MATERIAL SUPPLIED:
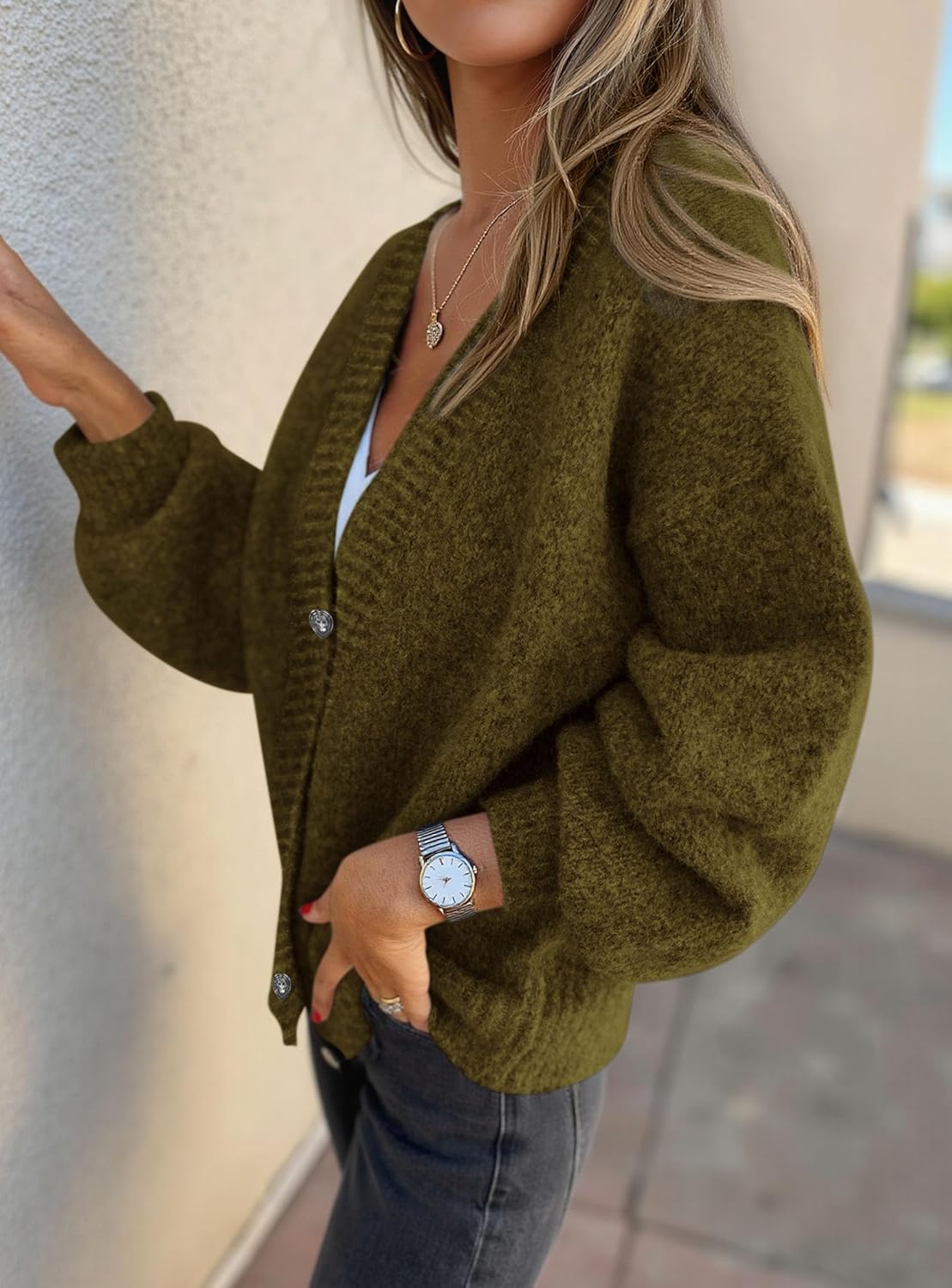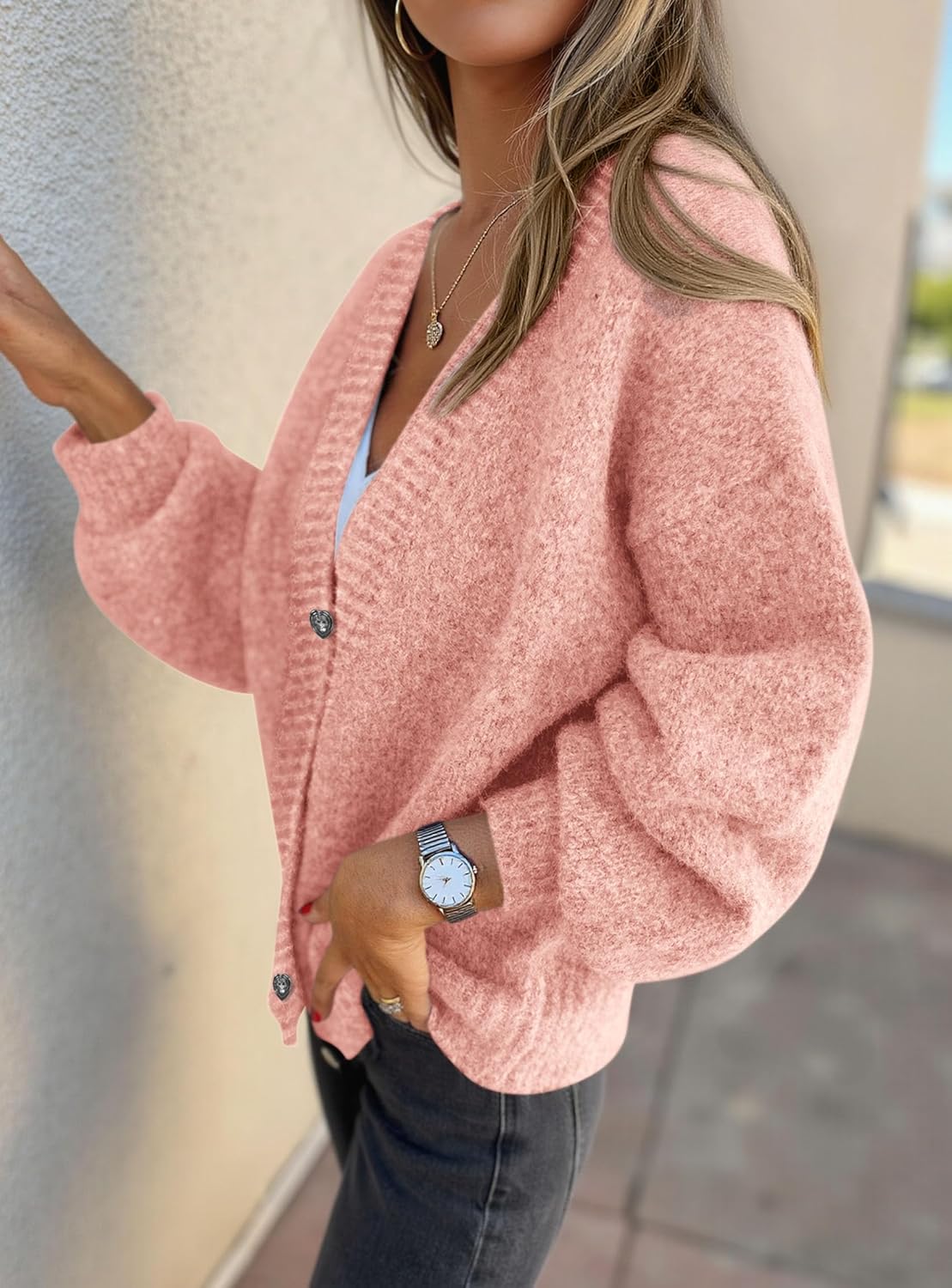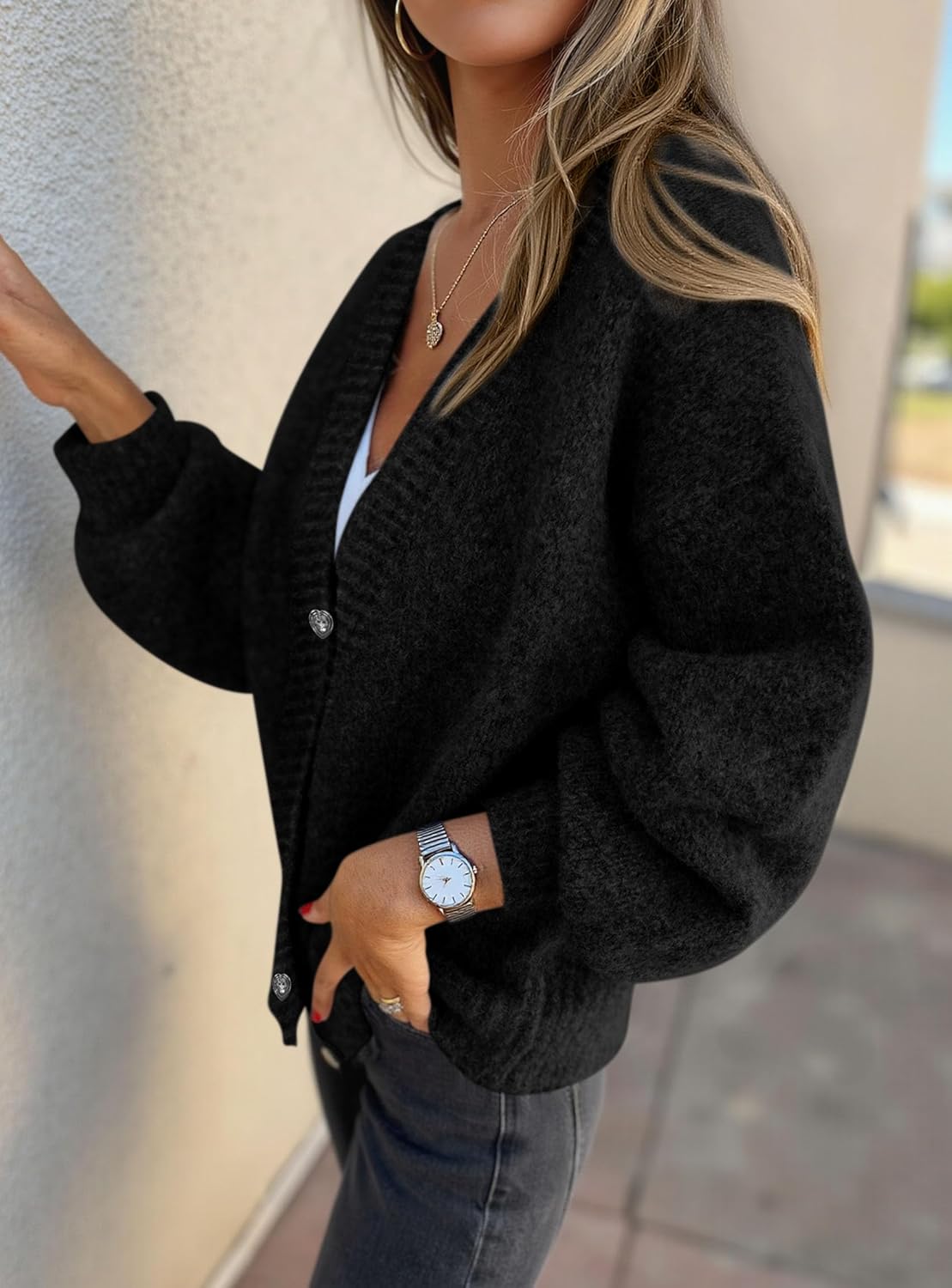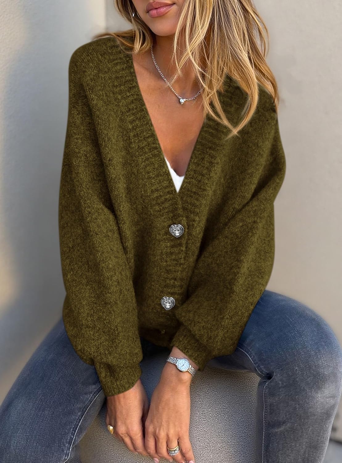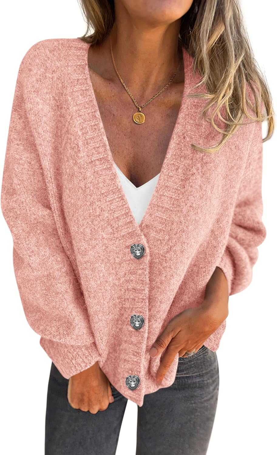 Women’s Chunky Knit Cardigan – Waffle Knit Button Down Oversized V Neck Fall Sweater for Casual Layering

* * *

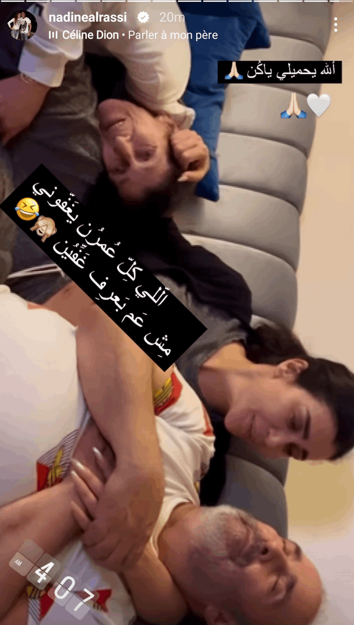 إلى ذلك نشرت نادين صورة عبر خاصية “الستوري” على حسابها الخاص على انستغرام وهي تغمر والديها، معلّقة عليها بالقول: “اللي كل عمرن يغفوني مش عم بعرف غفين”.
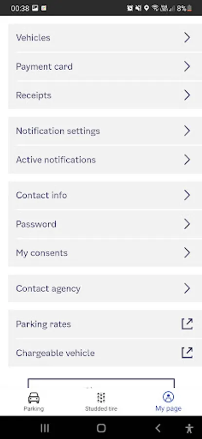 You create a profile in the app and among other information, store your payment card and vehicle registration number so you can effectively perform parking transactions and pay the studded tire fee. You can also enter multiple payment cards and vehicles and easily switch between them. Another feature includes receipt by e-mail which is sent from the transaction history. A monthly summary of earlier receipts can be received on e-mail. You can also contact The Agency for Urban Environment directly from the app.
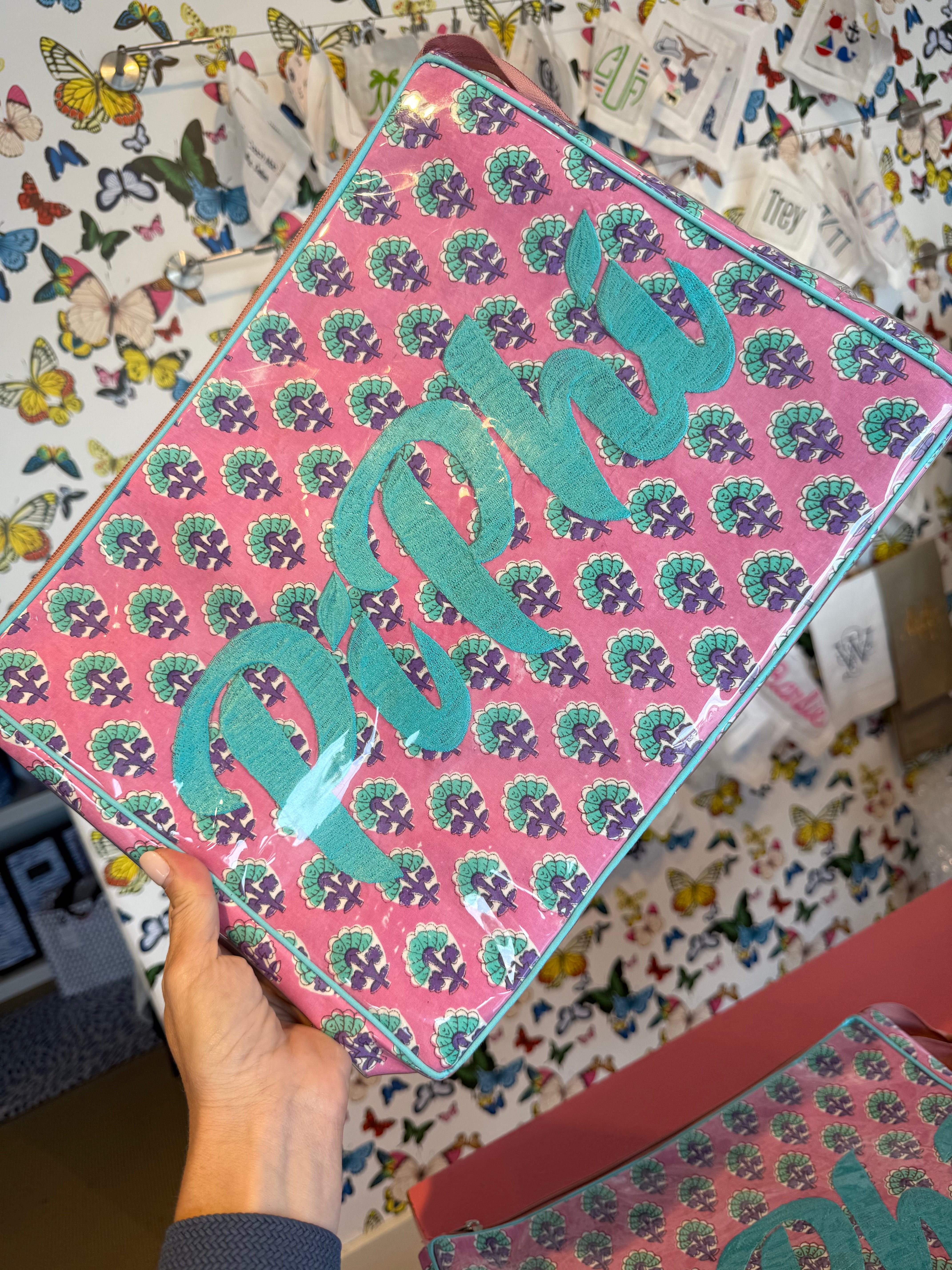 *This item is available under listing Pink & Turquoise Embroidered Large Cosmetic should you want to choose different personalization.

EXERCISE OBJECTIVE: Return exactly the part of the listing above that opens with the line containing "إلى ذلك نشرت" and closes with the line containing "choose different personalization.". Pictures stay out.

RESULT OF THIS EXERCISE:
 إلى ذلك نشرت نادين صورة عبر خاصية “الستوري” على حسابها الخاص على انستغرام وهي تغمر والديها، معلّقة عليها بالقول: “اللي كل عمرن يغفوني مش عم بعرف غفين”.
 You create a profile in the app and among other information, store your payment card and vehicle registration number so you can effectively perform parking transactions and pay the studded tire fee. You can also enter multiple payment cards and vehicles and easily switch between them. Another feature includes receipt by e-mail which is sent from the transaction history. A monthly summary of earlier receipts can be received on e-mail. You can also contact The Agency for Urban Environment directly from the app.
 *This item is available under listing Pink & Turquoise Embroidered Large Cosmetic should you want to choose different personalization.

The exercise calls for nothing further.